Ooey Gooey
Dirt Gallery
7906 Santa Monica Blvd., No. 218, West Hollywood
Working from the premise that "all the best things in life are
gooey," a deliciously lighthearted little show at Dirt celebrates
the aesthetics of viscosity. Curated by artist Mery Lynn McCorkle,
it features five New York artists whose work simulates the slimy,
the sticky, the gummy and the gelatinous.
Elizabeth McGovern's quirky sculptures -- two mounds of hardened
spray foam crowned with colorful plastic shopping bags -- explore
the tactile potential of common objects and fall somewhere on
the playful side of the junk-art continuum.
Karen Rich Beall's contribution to the show is a small brigade
of translucent, jellyfish-like creatures that hang from the
ceiling. With delicate coloration and long, thin tendrils, they
are at once convincingly oceanic and wonderfully fantastical.
The bulbous forms and slick, candy-colored surfaces of Victoria
Palermo's sculptures -- which look just like blown glass but
are in fact made from rubber -- convey an infectiously cheerful
tone.
The two most arrestingly sensual works, surprisingly, are those
made in the least tactile media. They are also, perhaps less
surprisingly, the two that involve food. Maggie Miller's "Passion"

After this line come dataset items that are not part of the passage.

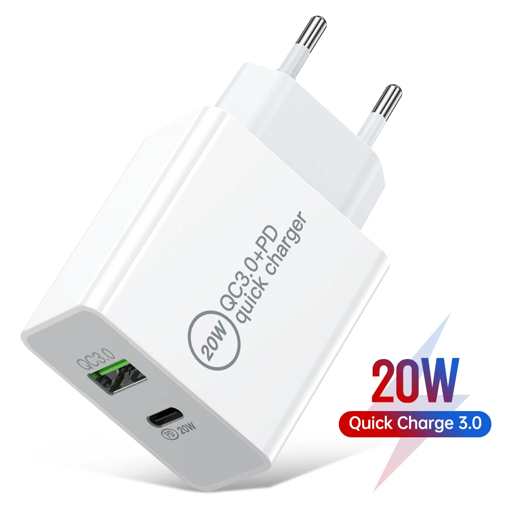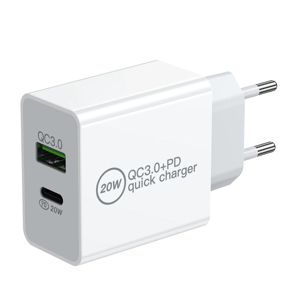 PD20W 18W EU US USB cargador tipo c usb adaptador de enchufe de pared dos puertos de viaje QC3.0 cargadores de teléfono móvil de carga rápida
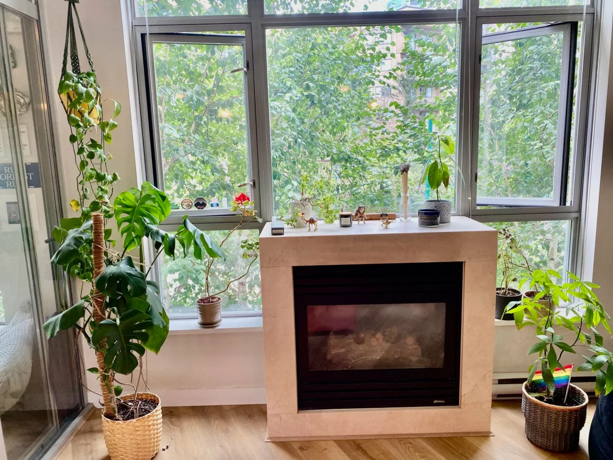Incredible location in Westend/Downtown area. Bright and spacious 1-bedroom unit (674 SF) with a solarium and storage room in the Sterling building. Features include 9 ft ceiling, S/S appliances, granite countertop and cozy gas fireplace. Just steps to the vibrance of downtown for amazing restaurants, shops and entertainment. Walking distance to English Bay for leisure activities and shops on Robson St, IGA Market/Scotiabank Theatre. This well-maintained building offers luxurious amenities: concierge, gym, hot tub, steam room, party room with kitchen/sitting area/pool table and Amazon secured parcel locker.
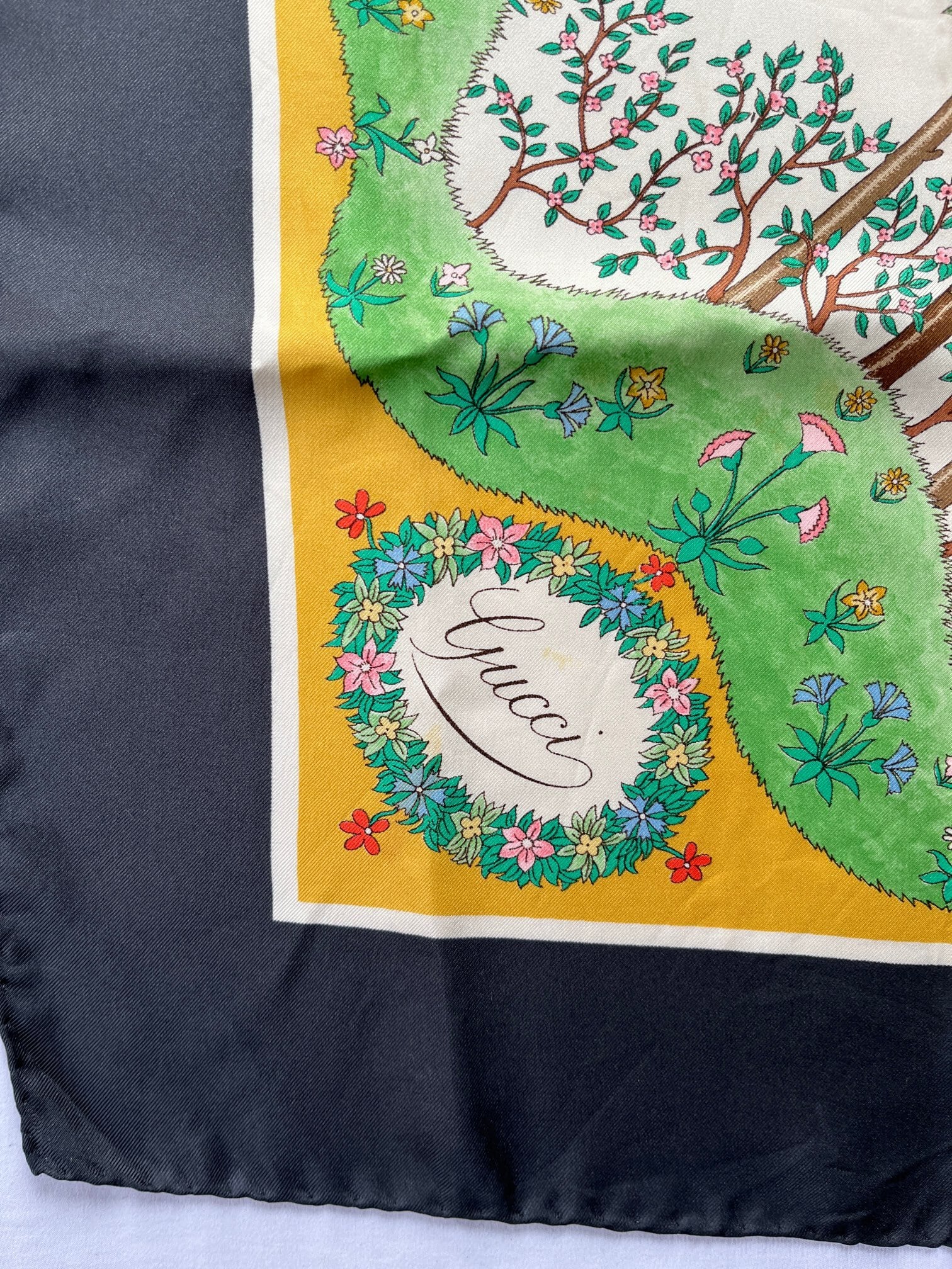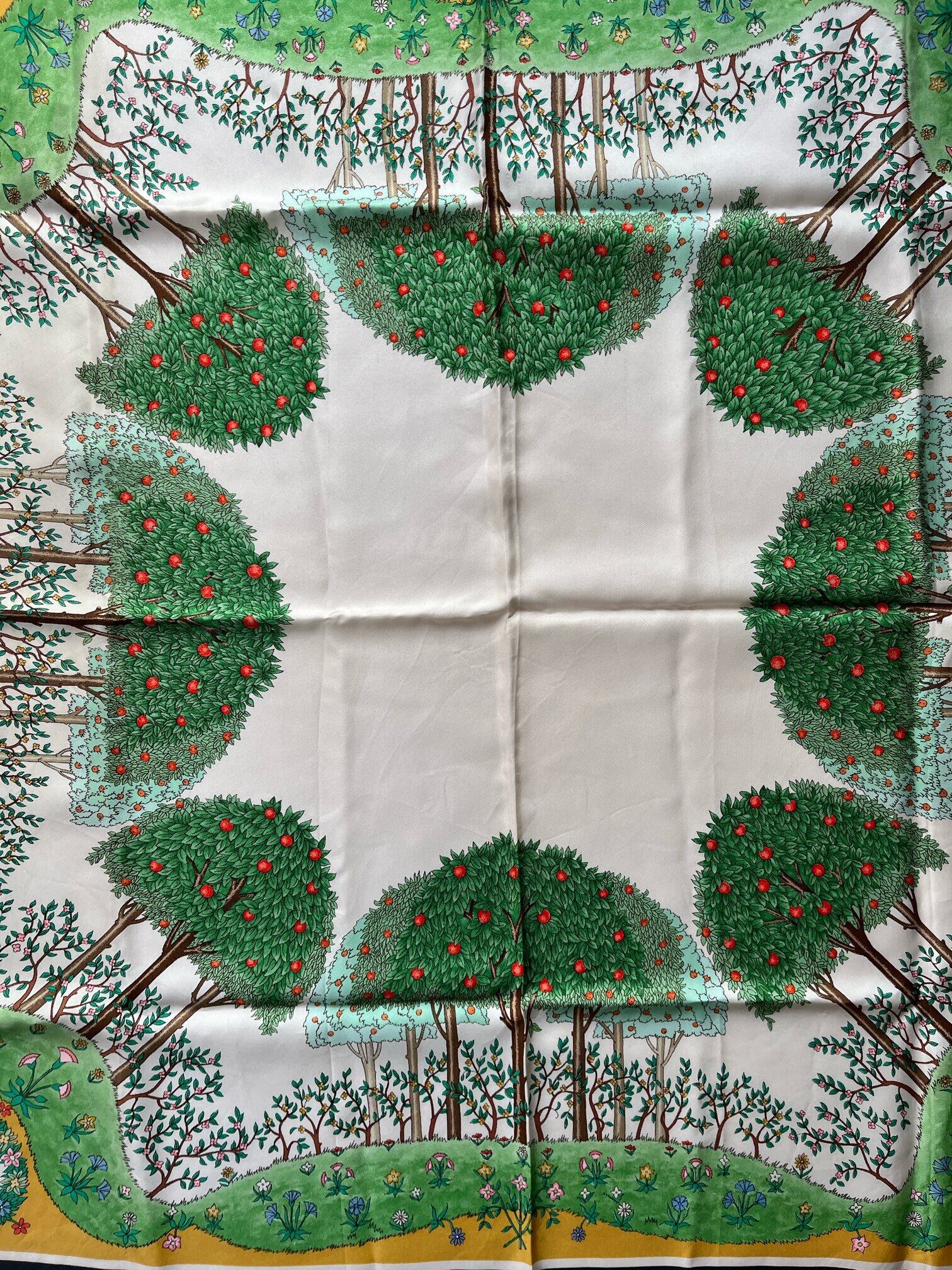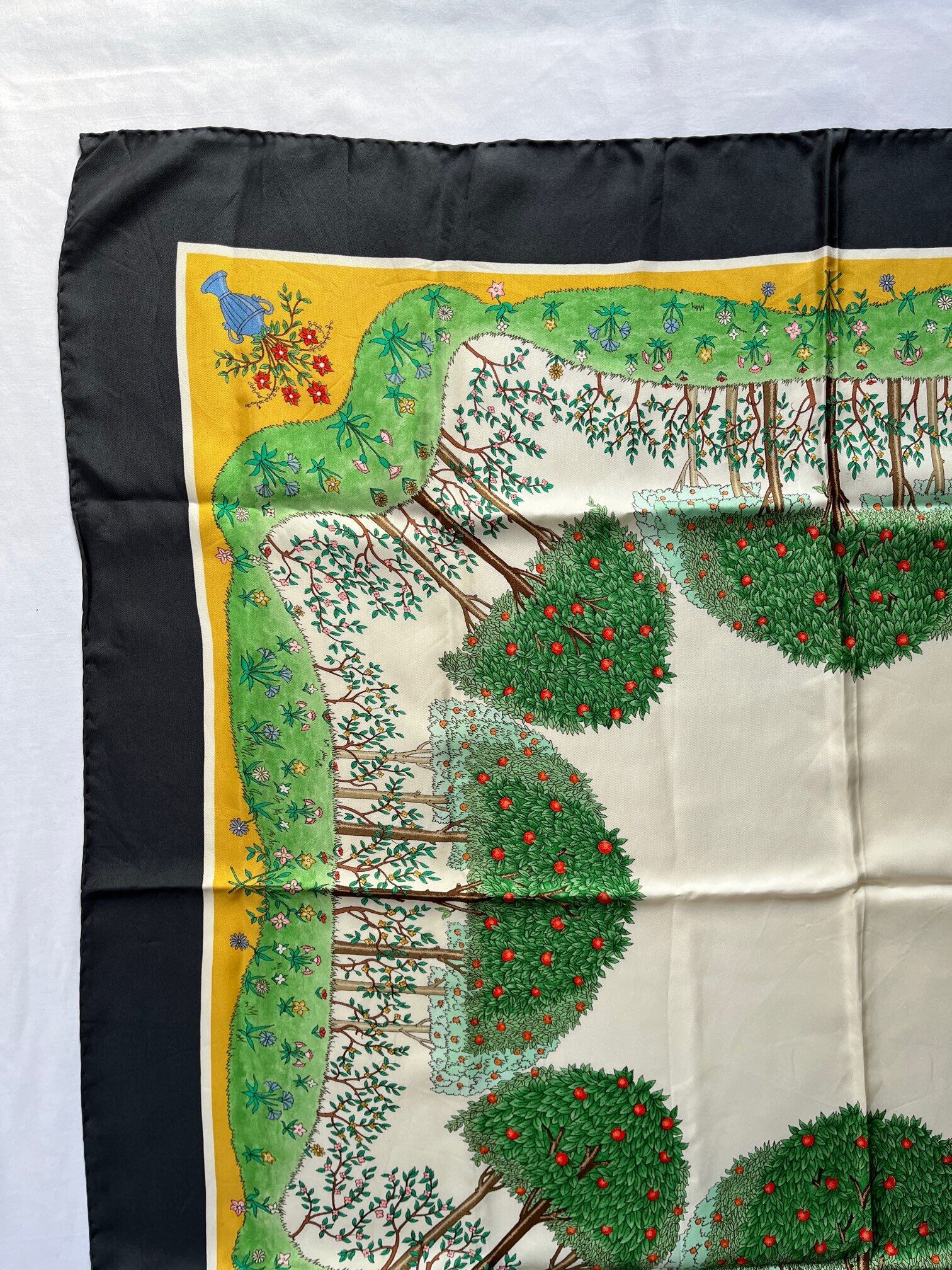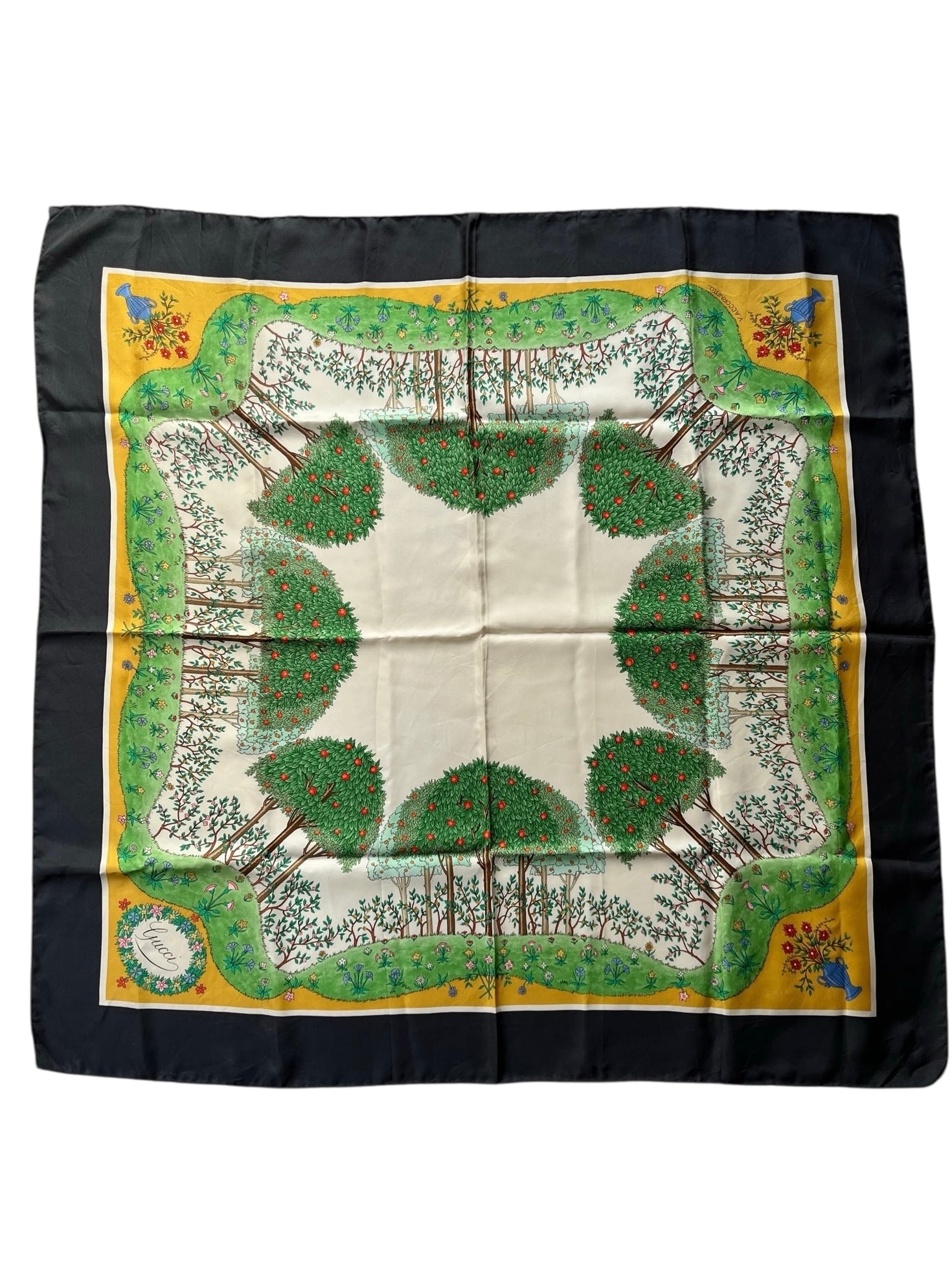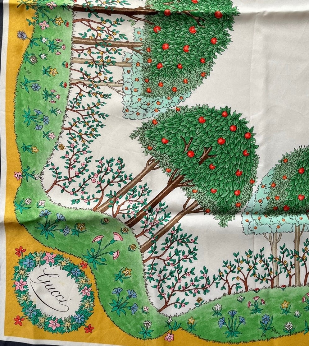 りんごの木のモチーフがユニークなGUCCI80's Vintage スカーフ。草原の色づけが手描きのようなタッチで あたたかい雰囲気が魅力的☆ Dk.greyの囲いがシックで抑揚のある一枚です。
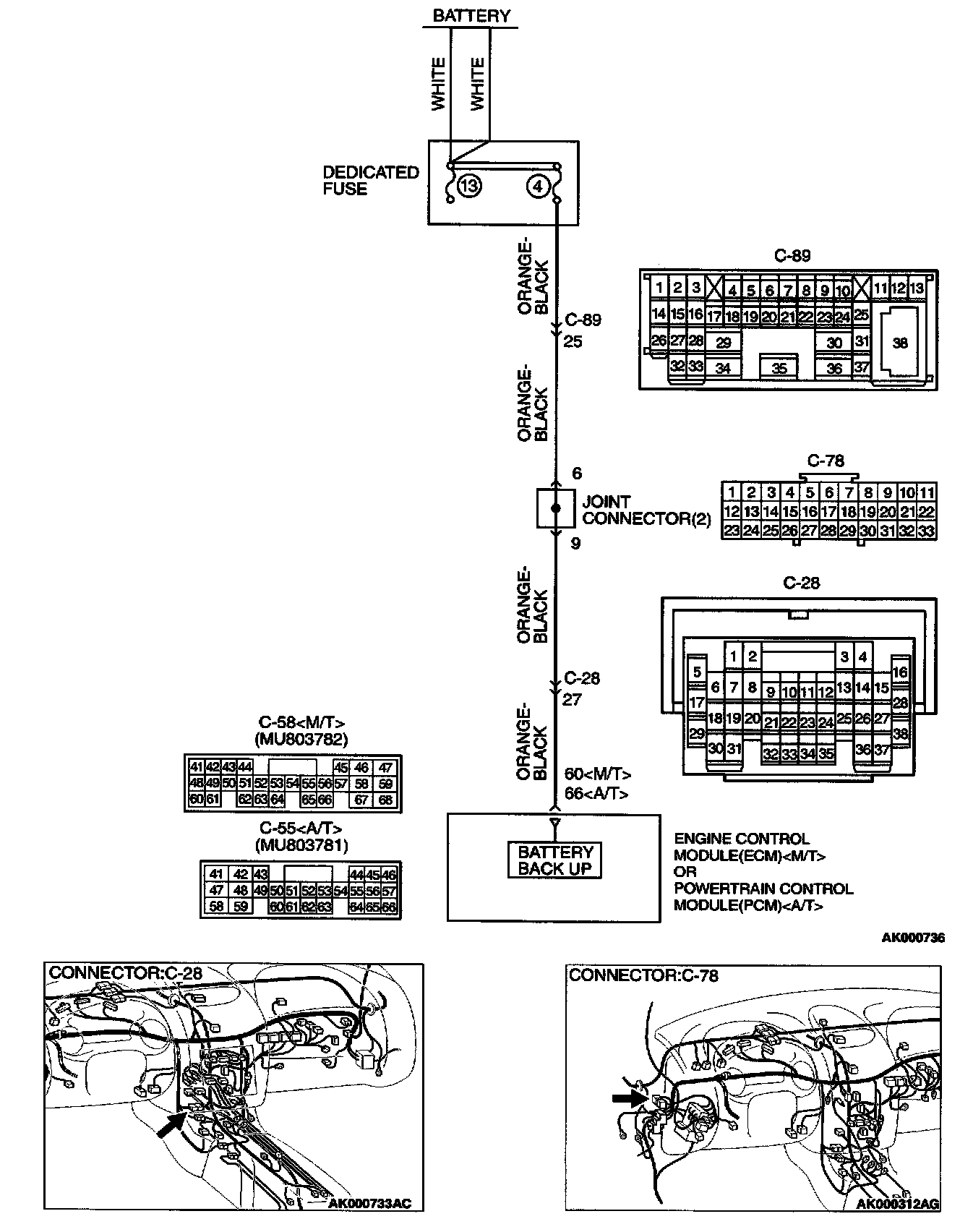 STEP 3. Check the backup power supply voltage at ECM connector C-58
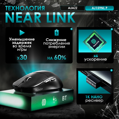 Главным отличием модели AJ159 NL P является возможность подключить игровую мышь AJAZZ к устройству с помощью инновационной технологии NearLink . NearLink — это усовершенствованный стандарт беспроводной связи нового поколения. В отличие от Bluetooth, технология Star Flash позволяет перекидывать файлы в 6 раз быстрее. При переходе на NearLink, ваш игровой процесс будет задерживаться в 30 раз реже, а сниженное энергопотребление позволит открыть для себя еще больше игровых вселенных.
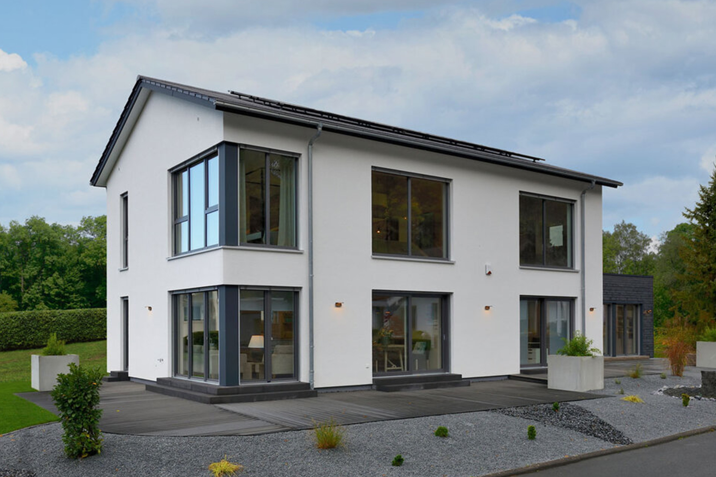 Das ELK Musterhaus 231 zeigt, wie modernes Wohnen heute gedacht wird: Großzügige Fensterflächen und eine offene Galerie schaffen ein lichtdurchflutetes Raumgefühl. Zwei Vollgeschosse bieten viel Platz und Flexibilität für das Leben einer Familie.

is a short, looped video in which we see a hand squeezing a
goopy red substance that resembles cherry pie filling out of
a hole in a small pastry--an image that, while clearly benign
in actuality, is weirdly alarming in a video close-up. In Meredith
Allen's photographs, we see Popsicles shaped like the faces
of cartoon characters held up to melt beneath a summer sun,
their unnaturally bright, sticky colors dripping down to coat
the fingers that hold the stick.
Simultaneously childish and erotic, these two works proclaim
overtly what the rest more discreetly imply: that art is a messy
business -- and therein lay its most basic pleasures.